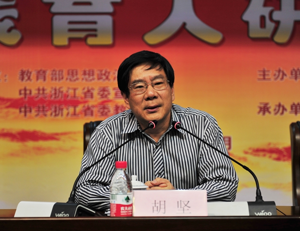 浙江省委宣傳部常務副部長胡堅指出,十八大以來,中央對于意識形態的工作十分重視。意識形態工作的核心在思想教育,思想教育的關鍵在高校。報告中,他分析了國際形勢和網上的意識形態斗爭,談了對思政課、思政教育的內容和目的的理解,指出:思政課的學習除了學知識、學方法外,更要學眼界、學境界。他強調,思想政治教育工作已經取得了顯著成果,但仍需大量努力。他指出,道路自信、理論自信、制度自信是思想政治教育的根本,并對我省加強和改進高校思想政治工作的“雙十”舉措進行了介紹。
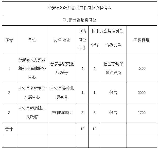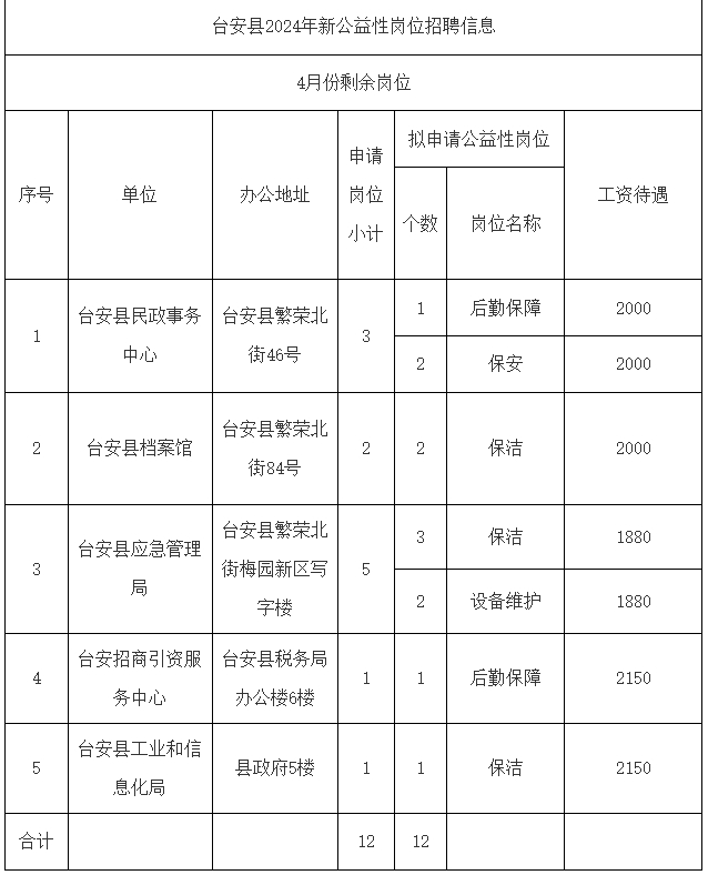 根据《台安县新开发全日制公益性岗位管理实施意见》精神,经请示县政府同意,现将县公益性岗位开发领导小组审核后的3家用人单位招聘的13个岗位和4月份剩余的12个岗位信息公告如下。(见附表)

◇ ◇ ◇ ◇ ◇ ◇ ◇

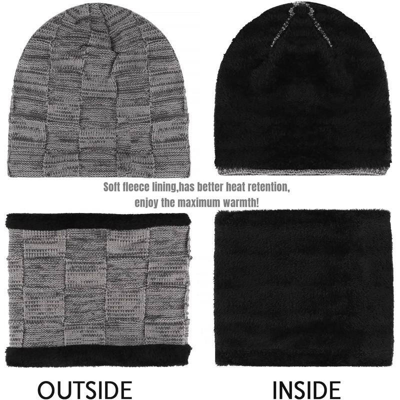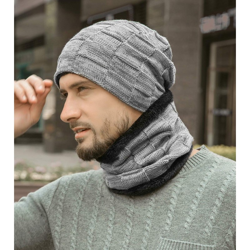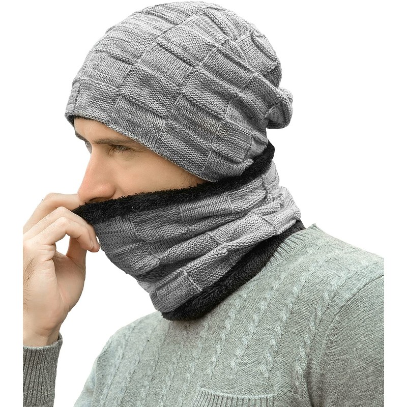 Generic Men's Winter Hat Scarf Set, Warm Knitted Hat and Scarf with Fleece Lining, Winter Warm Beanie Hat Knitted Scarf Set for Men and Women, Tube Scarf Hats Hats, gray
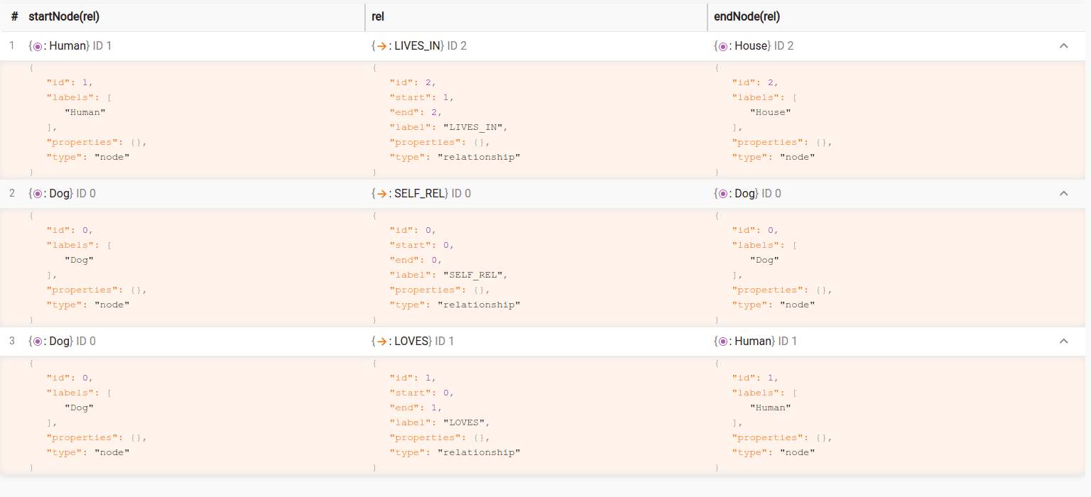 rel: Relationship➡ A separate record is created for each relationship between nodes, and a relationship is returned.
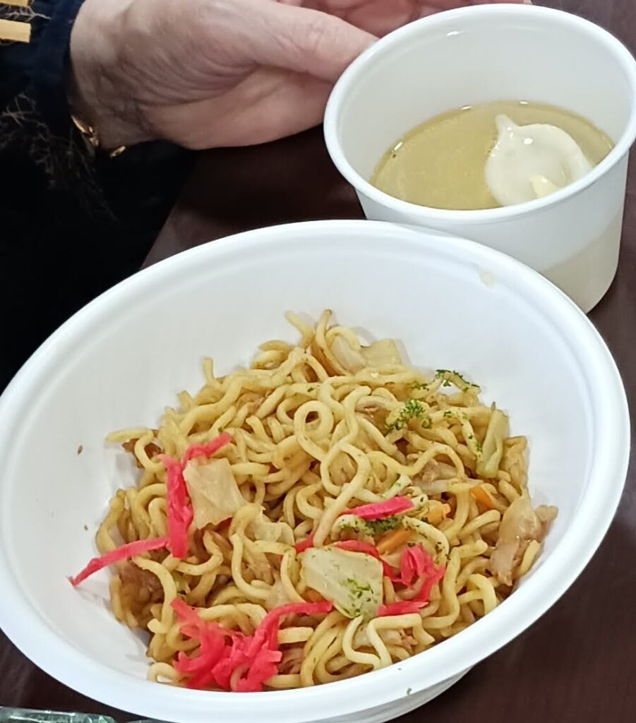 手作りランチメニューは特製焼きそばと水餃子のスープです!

◇ ◇ ◇ ◇ ◇ ◇ ◇

_Assignment_
What belongs in the answer is each line above from the line with "Generic Men's Winter" to the line with "手作りランチメニューは特製焼きそばと水餃子のスープです!", inclusive, reproduced exactly and free of pictures.

_Solution to this exercise_
 Generic Men's Winter Hat Scarf Set, Warm Knitted Hat and Scarf with Fleece Lining, Winter Warm Beanie Hat Knitted Scarf Set for Men and Women, Tube Scarf Hats Hats, gray
 rel: Relationship➡ A separate record is created for each relationship between nodes, and a relationship is returned.
 手作りランチメニューは特製焼きそばと水餃子のスープです!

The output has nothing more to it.